2. Helps to improve memory skills – These types of games can help to improve your memory skills.  Playing some of these games daily can help you to remember more and easier.

3. Can help to improve your patience – Card games can be extremely difficult to beat.  These types of games can help you improve your patience, especially when you have to continually restart.

4. Can increase your concentration powers – If you have ever had any problem concentrating then you should try one or more of these games.  Daily play can help you to improve the way you think about everything.

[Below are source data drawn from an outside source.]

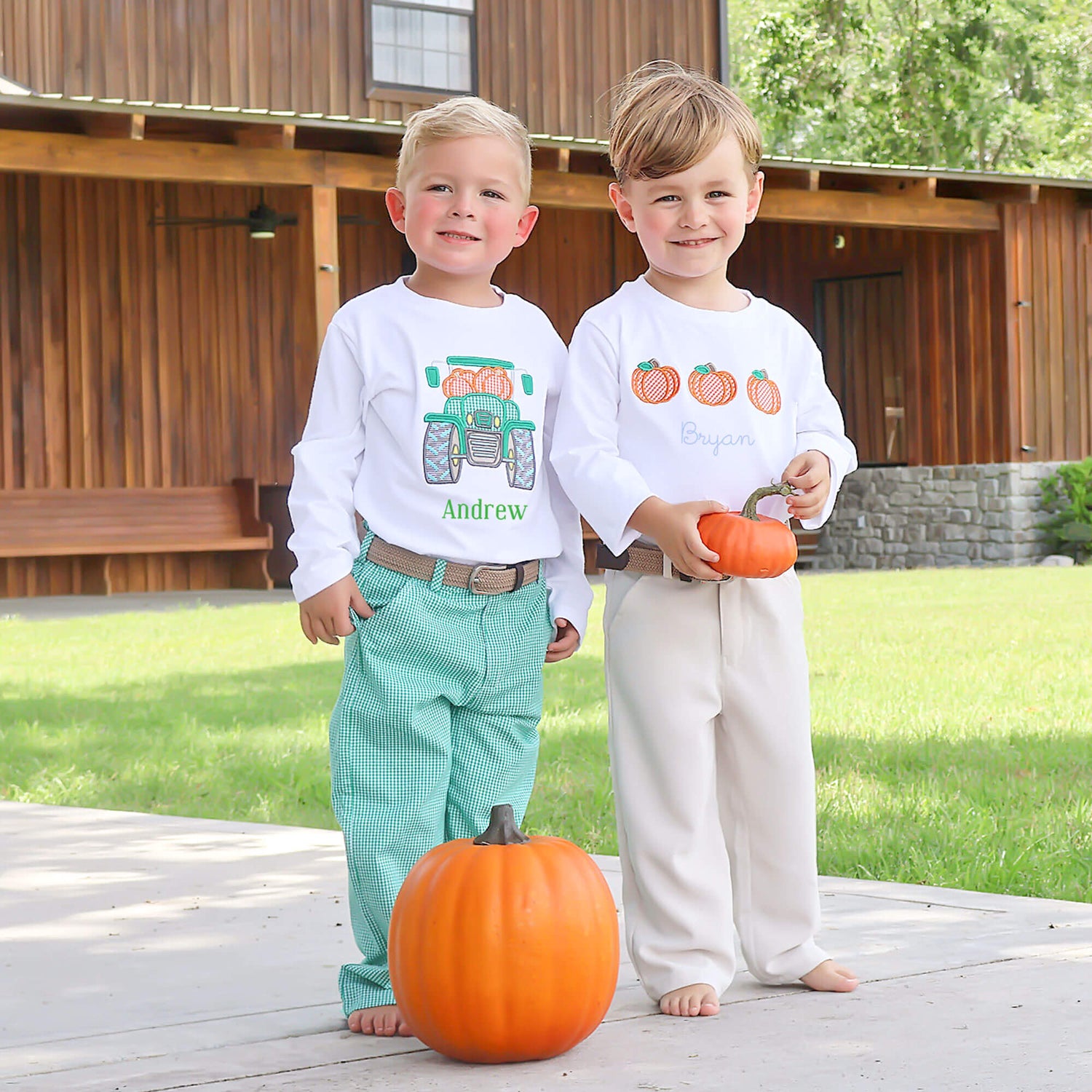 It’s pumpkin patch season with our Cluster Pumpkin Tractor White Long Sleeve Shirt! This white knit shirt features a cool tractor applique filled with pumpkins. It’s perfect for playtime fun, comfort, and cuteness! Don’t forget to add a name monogram below the applique for a special touch!
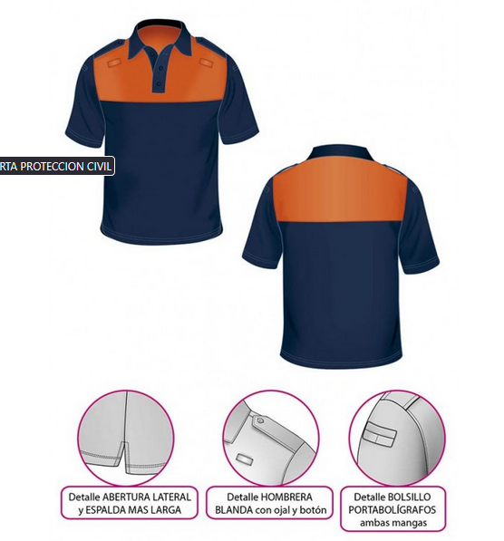 • DOS CANALES o TRABILLAS superiores en tejido de contraste, con cinta de sujección como refuerzo interior, situadas en ambos hombros, para sujetar el micrófono de la emisora ó identificación profesional.
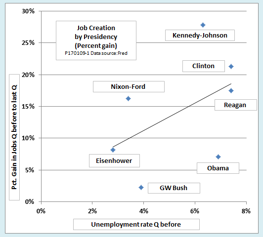in jobs over eight-year presidencies against the unemployment rate in the
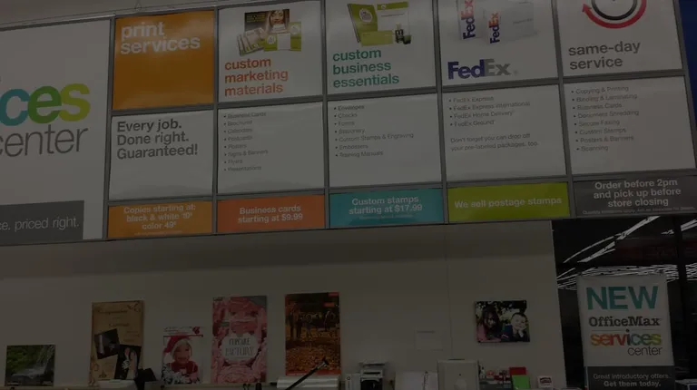 Great location, and decent prices/selection for a office supply store. Be sure you sign up for rewards and you often get a $10 off coupon printed out when you buy stuff so watch for that. What I really like about this store is that if I need to print out a bunch of files, like lets say 200 copies of a flyer, I can email the flyer in advance to them at [email protected] and attach the file, then ask them to print it in black and white, color, on card stock, or whatever. Then when I stop in later that day, or week, it is finished and I don't have to wait. Very nice feature.
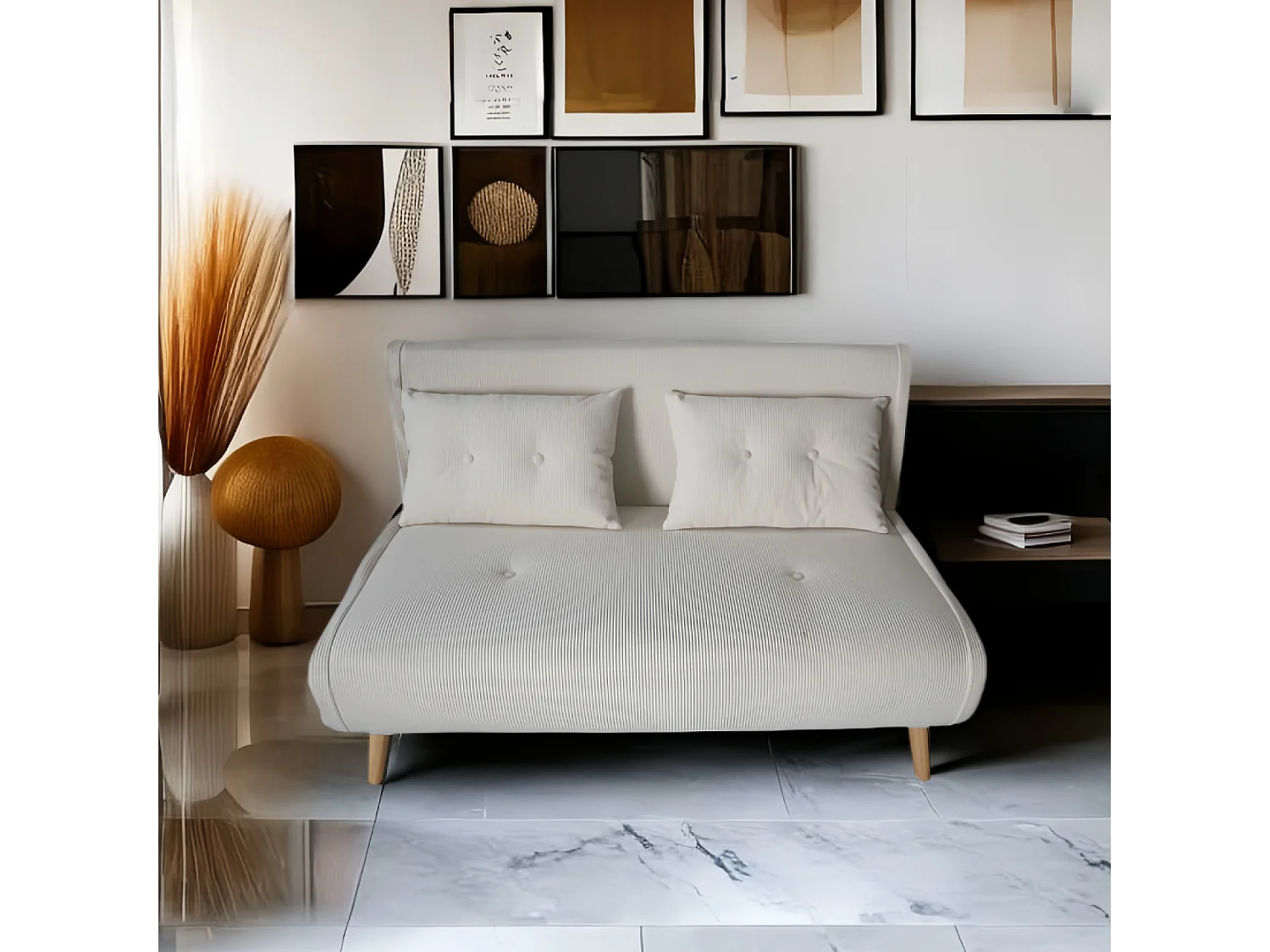 Omvormbare Fluwelen Ribbank Beige 2-Zits ENNIS
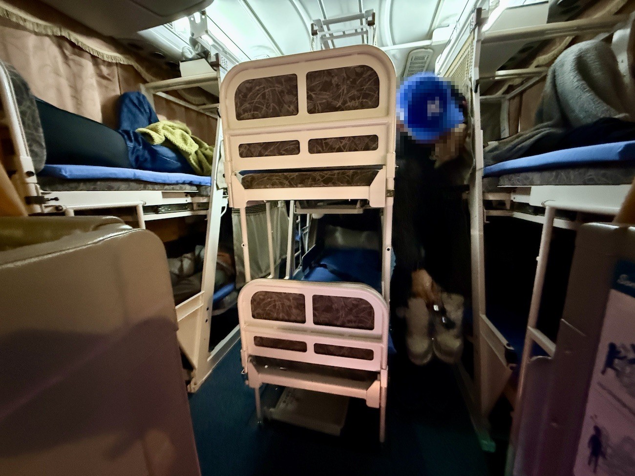 Điểm độc đáo của loại ghế này là khả năng “biến hình”, ban ngày có thể bố trí như ba dãy ghế độc lập, còn ban đêm lại "hô biến" thành giường nằm hai tầng, chẳng khác nào một “ký túc xá mini” di động.
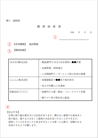 【職務経歴書(警備)】
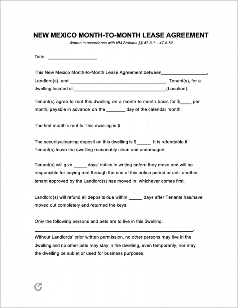 The New Mexico Month-to-Month Lease Agreement is a written document used for leasing a rental on an incremental basis (no set end date). The form was created in-line with NM’s “Property Law” statutes and allows for the creation of rules and obligations that both a landlord and tenant(s) have to follow until either party ends the contract with a notice of thirty (30) days.
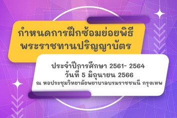 ข่าวการศึกษา กำหนดการฝึกซ้อมย่อยพิธีพระราชทานปริญญาบัตร ประจำปีการศึกษา 2561- 2564 อ่านต่อ » พฤษภาคม 9, 2023
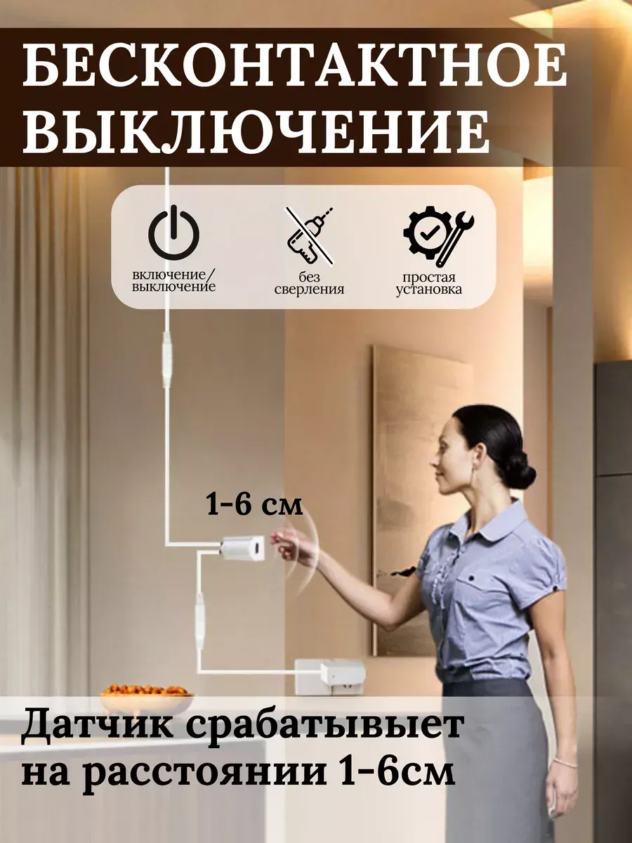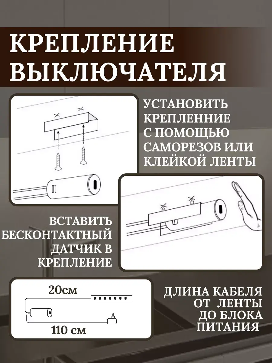 Наслаждайтесь ярким освещением с помощью LED ленты, которая легко устанавливается благодаря клейкой основе на обратной стороне. Бесконтактный выключатель обеспечивает максимальный комфорт использования.Не нужно прикасаться чтобы выключить и включить свет, достаточно только поднести руку и она включится.
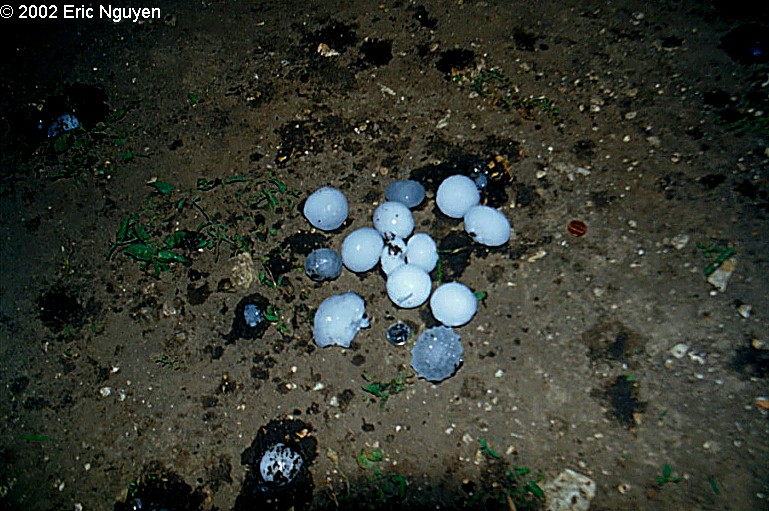 Discussion: Brief discussion since I'm writing this months later. Things paid off as we got a very nice long-lived supercell in central Kansas. Dave Fick and I targeted an area just N and NW of ICT. Storms developed rather weak and remained so until finally a storm got its act together near Newton, KS I believe (writing this Jan 2003). It was pretty high based but still a decent classic supercell with a wallcloud and tennis ball sized hail. We ran into THREE closed roads that day, one of them was our escape route of a small town as the sirens went off and we though a tornado looked quite possible. At the same time golf ball and tennis ball sized hail began to fall. With the sirens screaming, hail falling, and rotation almost overhead now, we decided to drive south of the closed road which paid off quite nicely. It was closed for about a mile or two and went back to asphalt. We took an east route and once again encountered another closed road, as our road dead ended. We stopped there since we were in a safe position and enjoyed the tennis ball sized hail falling. Several yards away a small pin with cows were getting pelted, however, the hail didn't' last long and we went outside to gather it up to measure it. Images of the hail are below.
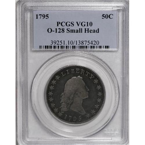 <B>1795 50C Small Head VG10 PCGS.</B></I> O-128, High R.5. This Small Head variety is most easily attributed by the reverse, which is unique among 1795 halves. It has a 9-9 berry arrangement with two inside the wreath on the left, and two inside the wreath on the right.<BR> Both dies appear to be perfect with no cracks or other die defects. However, a tiny planchet crack (not a die crack) is located above the L in LIBERTY. There is also a shallow planchet lamination in the left obverse field out from stars 4 and 5. <BR> An attractive two-tone example with deep gray color in the fields and lighter tan devices. A few old scratches can be seen on each side, but they are entirely blended with the rest of the surfaces. <BR> Haseltine-24; Beistle 17-V; Overton-60; Hilt 23-X; PCGS #6054; <I>Encyclopedia</B></I>-4564.<BR><I>Ex: Henry Hilgard; Sheridan Downey (8/2006).<BR>From The Westmoreland County Collection of Early Bust Halves, Part Two.</B></I><BR><BR><b>Shipping:</b> Coins & Currency (<a target="_blank" href="http://www.heritageauctions.com/common/shipping.php">view shipping information</a>)
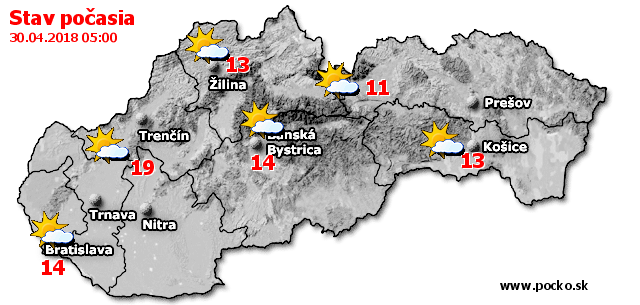 Stav počasia - Slovensko (30.04.2018 o 6.00 hod.)
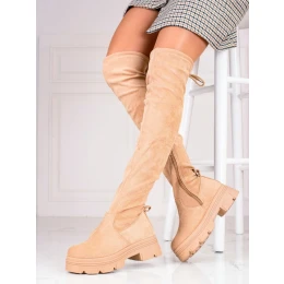 Jedinečné dámské kozačky hnědé na širokém podpatku
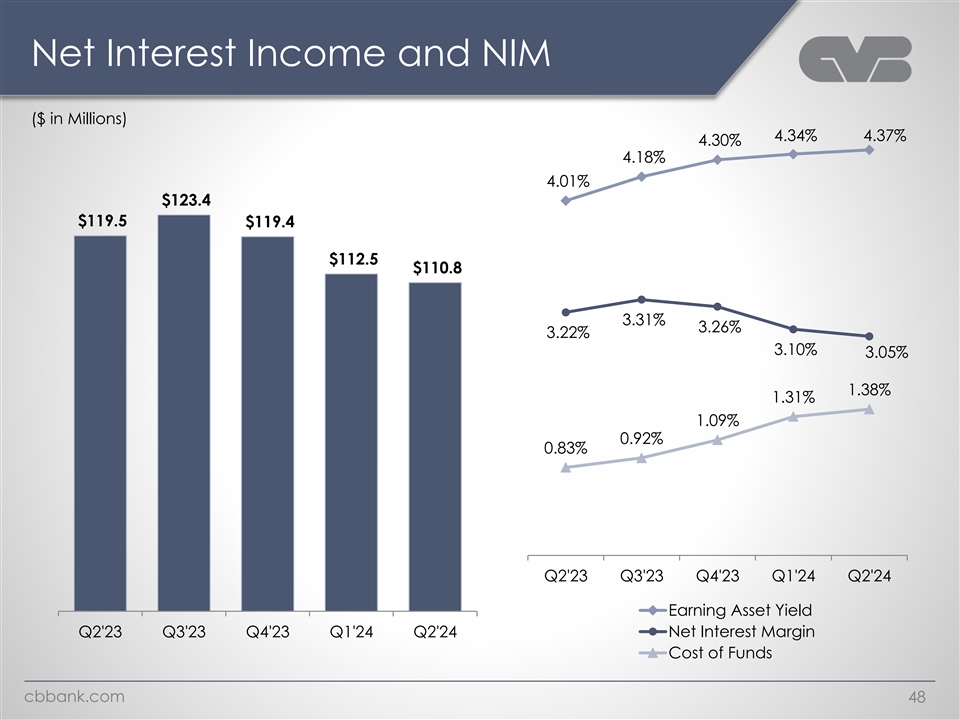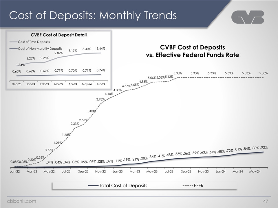 Cost of Deposits: Monthly Trends CVBF Cost of Deposit Detail Cost of Time Deposits Cost of Non-Maturity Deposits 3.44% CVBF Cost of Deposits 3.40% 3.17% 2.89% vs. Effective Federal Funds Rate 2.28% 2.22% 1.84% 0.71% 0.70% 0.71% 0.74% 0.67% 0.60% 0.62% 5.33% 5.33% 5.33% 5.33% 5.33% 5.33% 5.12% 5.08% 5.06% 4.83% Dec-23 Jan-24 Feb-24 Mar-24 Apr-24 May-24 Jun-24 4.65% 4.57% 4.33% 4.10% 3.78% 3.08% 2.56% 2.33% 1.68% 1.21% .92% .88% .84% .81% 0.77% .72% .68% .64% .63% .59% .56% .53% .48% .41% .36% 0.33% .28% .21% 0.20% .19% .11% .09% 0.08%0.08% .07% .08% .04% .05% .05% .04% .04% Jan-22 Mar-22 May-22 Jul-22 Sep-22 Nov-22 Jan-23 Mar-23 May-23 Jul-23 Sep-23 Nov-23 Jan-24 Mar-24 May-24 Total Cost of Deposits EFFR cbbank.com 47

5. It can help with your critical thinking skills – Mahjong and Sudoku especially can improve your concentration.  It is difficult to sit and think about completing games, let alone winning them.  Taking even 15 minutes to complete one of these games can improve the way you concentrate on everyday tasks.

Play these games all the time.

You should be making sure that you are keeping your brain active and strengthening it when you can.  You should also be able to have fun while you are keeping your brain sharp.  These games are designed to help you do just that. Each and every one of these games are fun and can help to improve your mental health. If you would like a more in-depth

Adding to your social life.

Some of these games can be played with others, sometimes they cannot.  When you are playing these games with others a benefit to them is an improvement in your social life and interactions.  Playing these games by yourself can help you to get better when you do play with others.  This can be a great addition to your social life.  Some websites even have it to where you can talk to the people you are playing with over online chat.

In the end.

Playing games like Mahjong and Sudoku can help you to improve your brain function to the point that you might end up avoiding dementia.  You can keep your brain active and enhance your vocabulary by doing crossword puzzles and you can increase your patience and concentration by playing all of these games.